Rosenborg Castle is a 17th century royal palace that houses the famed Crown Jewels, set in a beautifully landscaped park. We didn’t go inside the Castle but enjoyed walking around the grounds and as it was blossom season (April) the trees were really pretty!


I was excited to visit Tivoli as we didn’t manage to visit on our first trip to Copenhagen. Whilst I’m not a ‘rollercoaster person’, I was keen to see the Nimb Hotel that I used to sell in my previous job at Off the Map Travel, and generally soak up the fun atmosphere in the park. Tivoli is actually the world’s second oldest amusement park, and there are not only rides to see but plenty of fantastic restaurants, cafe’s, gardens and a huge stage too where they host concerts.
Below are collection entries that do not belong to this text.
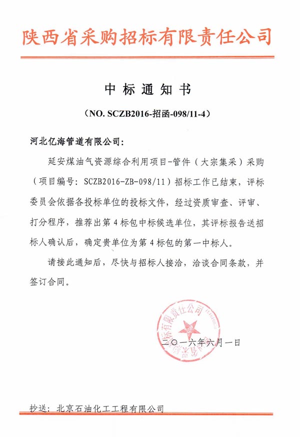 公司成功中標延長石油延安煤油氣綜合利用項目焊制管件標段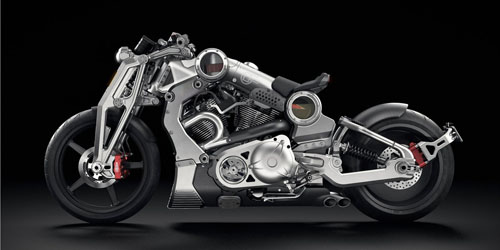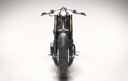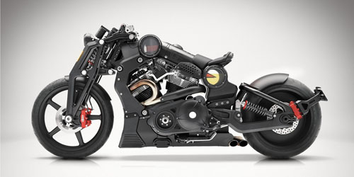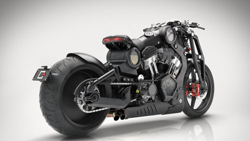该车采用一副风冷(带油冷装置)V 型 56 度双汽缸的发动机,排汽量 132 立方英寸(2,163 cc),最大马力输出达到 200 匹。发动机与整个车身的主体材料是以美标 6061 航空铝、再以 CNC 数控加工制作而成,外观造型采用了一个极为激进的裸露金属肌肉设计,以小量的碳纤组件作为衬托,而让人过目不忘的还有那巨大的 240/45ZR-17 后轮胎。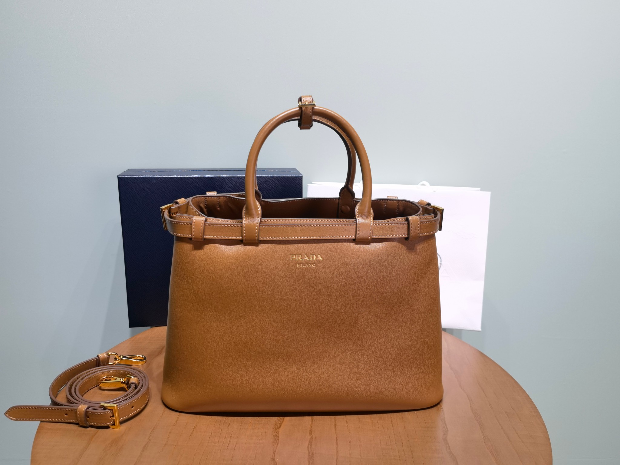Prada Buckle 1BA417 Medium Leather Drawstring Bag 2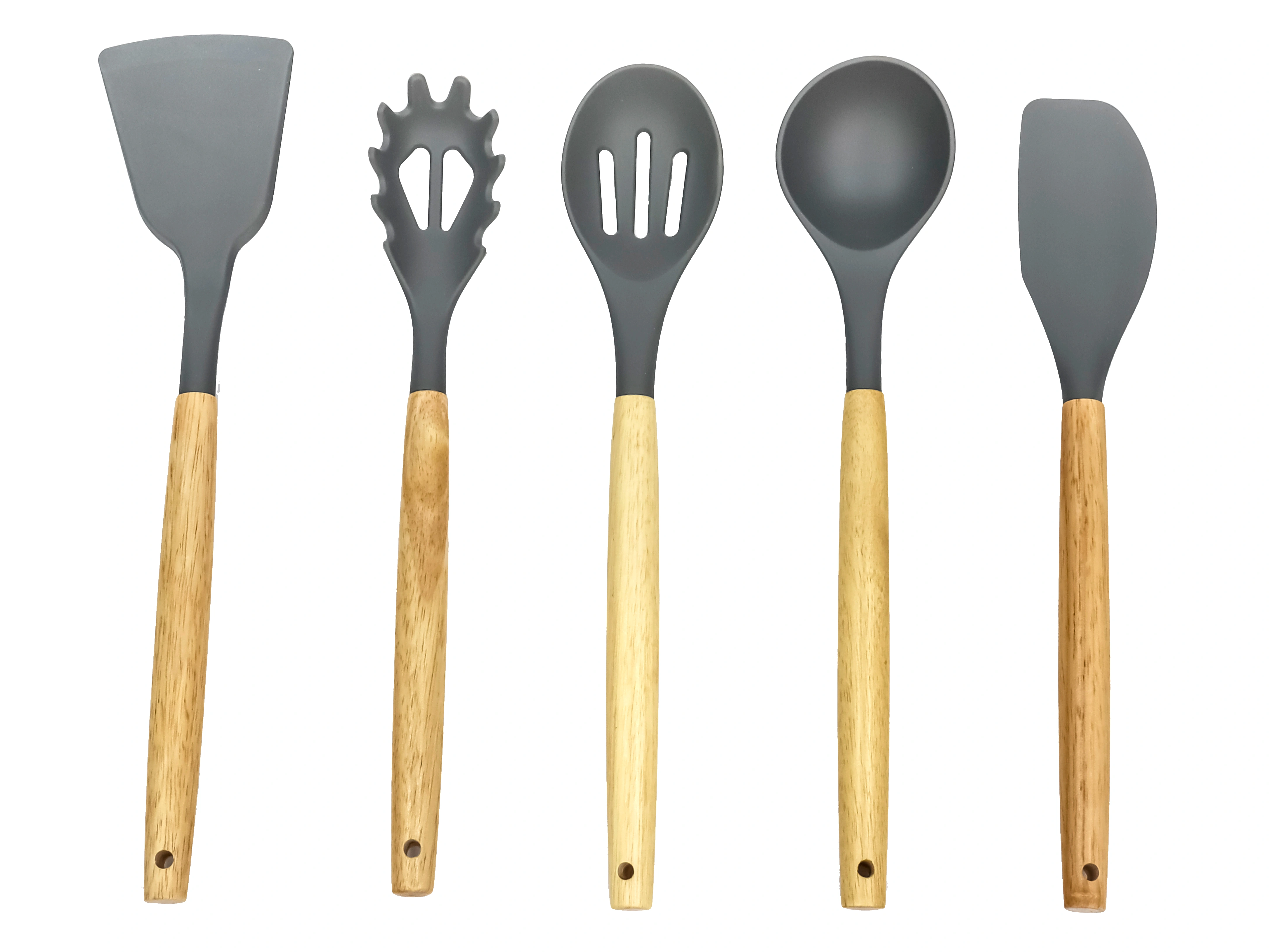 Стильный и удобный набор кухонных принадлежностей станет вашим незаменимым помощником. Прекрасно подойдет в качестве подарка для любителей готовить. Кухонные принадлежности изготовлены из высококачественных материалов: силикона и натурального дерева, что делает их безопасными для здоровья и практичными для использования.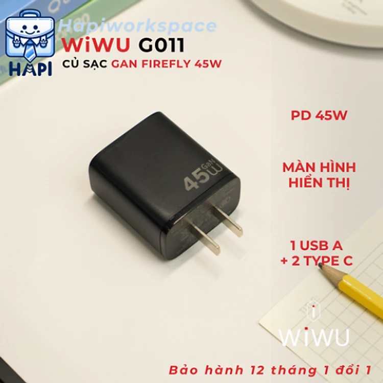 Củ sạc GaN hàng chính hãng WiWU Firefly 45W Wi-G011: 3 cổng, hỗ trợ PPS 21V, QC3+, sạc nhanh đa thiết bị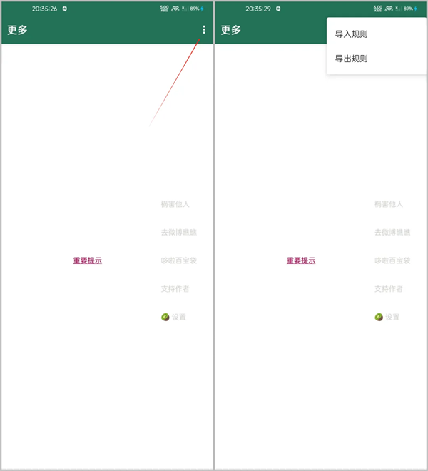 首先我们需要复制规则,然后打开李跳跳-更多-点击右上角的三个小点点,即可看到导入规则的选项。
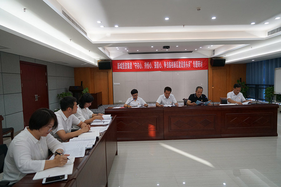 當(dāng)天下午,新城投資集團(tuán)黨員領(lǐng)導(dǎo)班子開展了“守初心、持恒心、強(qiáng)信心,爭(zhēng)當(dāng)臨桂新區(qū)建設(shè)排頭兵”專題研討。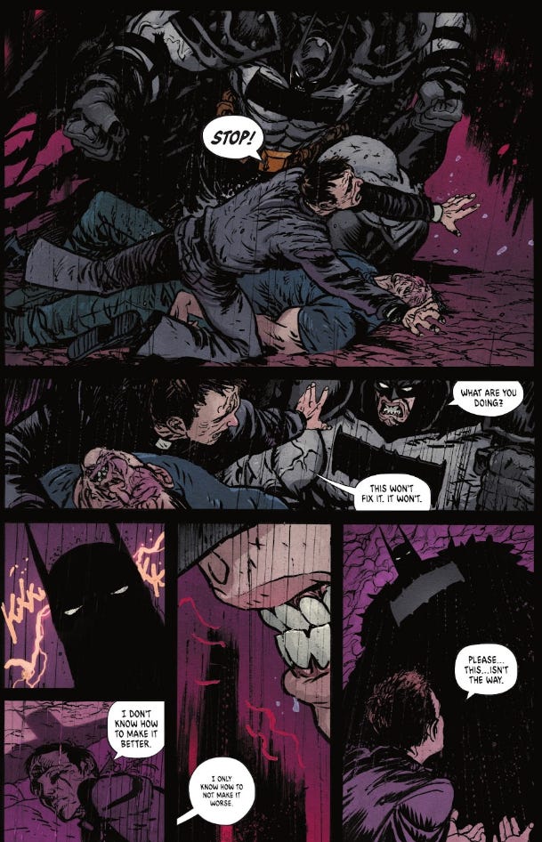 In fact at one point in the story, the priest stops Batman from further brutalizing one of the white supremacists. When Batman questions why, Father Peters tells him, “This won’t fix it. It won’t.”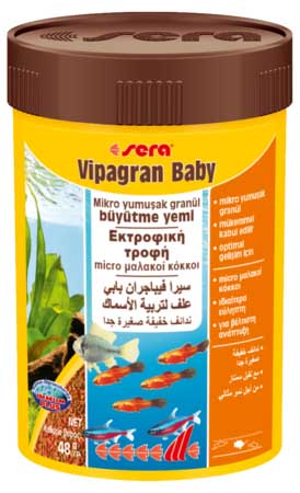 Η τροφή sera Vipagran Baby είναι η τροφή ανάπτυξης που αποτελείται από προσεκτικά κατασκευασμένους μικρό-κοκκους για όλα τα νεαρά ψάρια που τρώνε στο μεσαίο επίπεδο του νερού.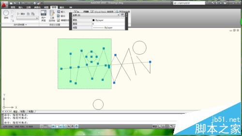 樞選(一):拖動鼠標,從左側往右拉,只有完全在方框內的線條才能選中,方框外的則無法選中。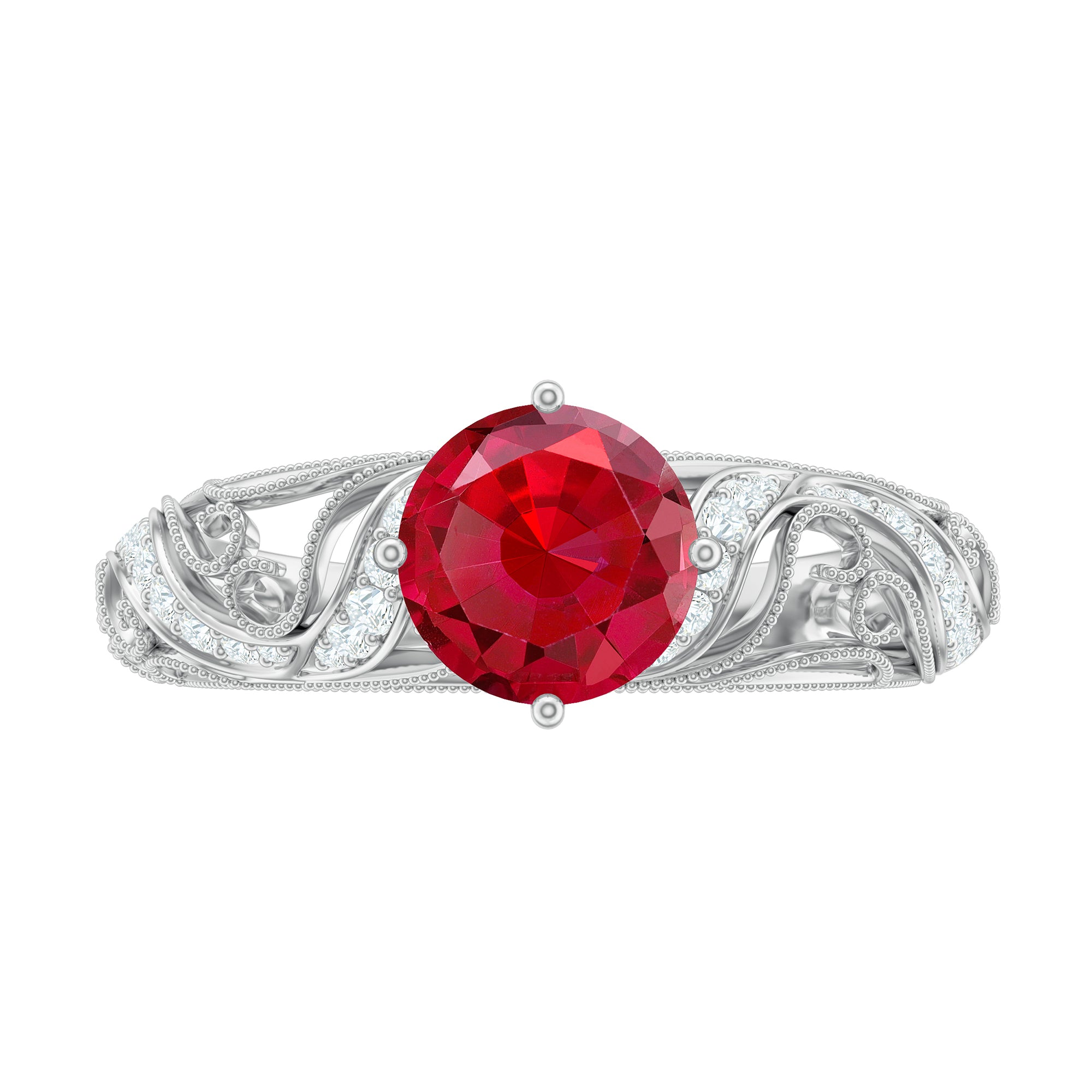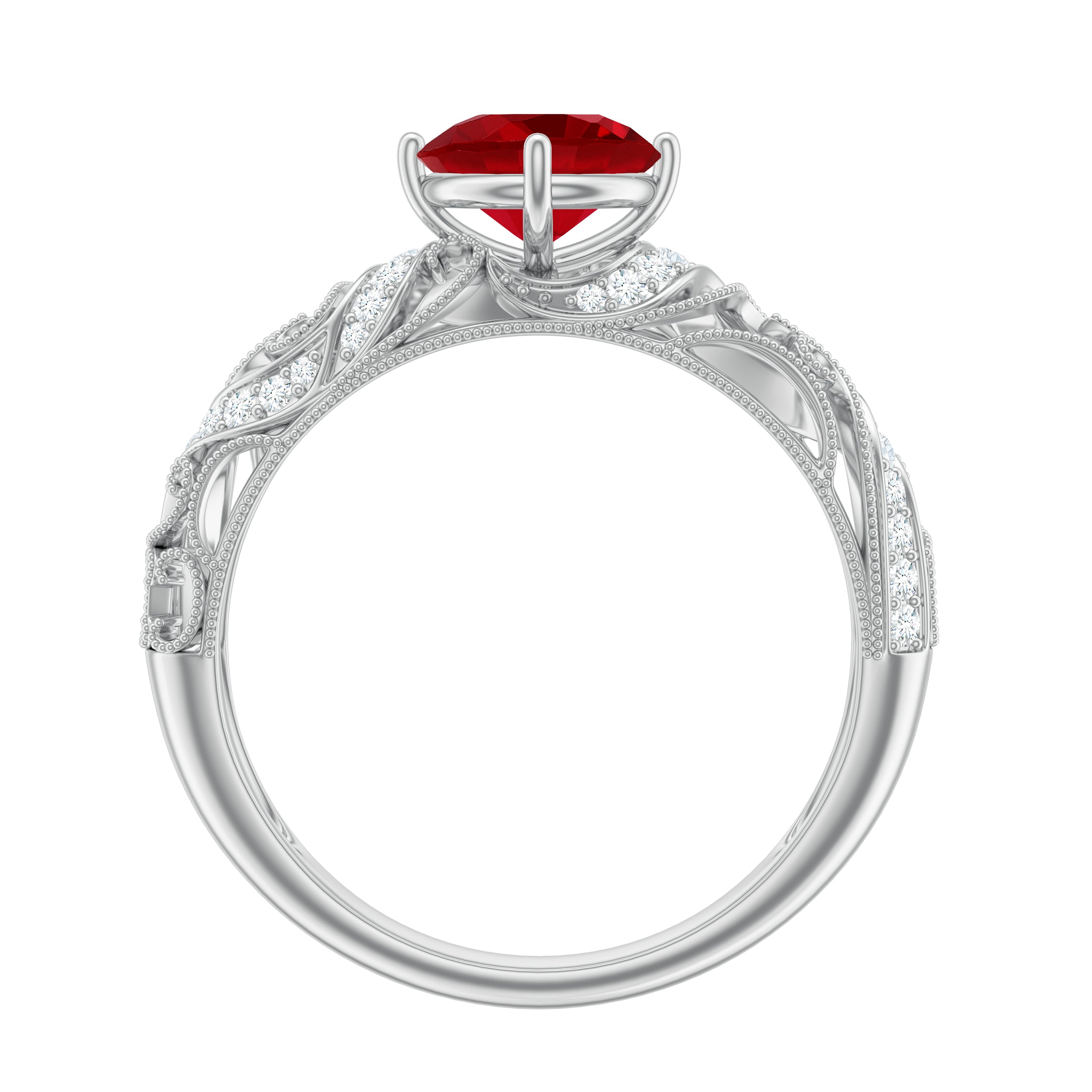 Vintage Looking Lab Ruby and Diamond Engagement Ring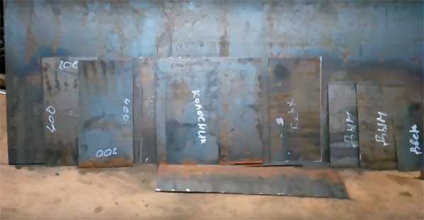 - Из листового металла, толщиной 3-4 мм, с помощью болгарки или электрических ножниц по металлу вырезаем заготовки. Дополнительно потребуется подготовить отрезки уголков для крепления колосника, направляющие для зольника. У вас должна получится конструкция, с большой камерой сжигания дров, небольшой нижней полостью для сбора золы и четвертая часть высоты оставляется для укладки кирпичей и варочной панели. Здесь по разметке привариваются отрезки уголка, для укладки листа металла.

During our meanderings through the City we made sure to detour through the main shopping street, Strøget. It is one of Europe’s longest pedestrian shopping streets!


We tended to have big breakfasts at the hotel, a snack or sandwich for lunch and then dinner in the city.

On night one we were a little tired from travelling so we stayed in the hotel and had dinner at Kontrast – an abundance of delicious risotto was devoured!

On night two we ventured into Vesterbro and ate at Bloom – it was very reasonably priced (cheaper than Kontrast) but just as delicious, arguably one of the tastiest meals I’ve had on holiday actually!

On night three we wanted something a bit more relaxed, so we went to Neighbourhood for pizza and cocktails

Also on our list (but fully booked) was The Olive Kitchen & Bar – I loved the look of their menu, I think may be affiliated with Bloom restaurant where we ate on night 2 actually.


If you are planning a trip to Copenhagen and have more time than we did, here is what else you could do:

  • Walk to the Little Mermaid statue to see it up close
  • Christiansborg Palace
  • National Museum of Denmark
  • Freetown Christiania
  • Rent a bike to explore the City
  • Climb up the Round Tower (we did this on our first visit for great views over Copenhagen)
  • Torvehallerne food market
  • Church of our Saviour
  • Frederik’s Church
  • Copenhagen Opera House
  • Kastellet

Did I miss anything out? Are you planning a trip to Copenhagen? Let me know!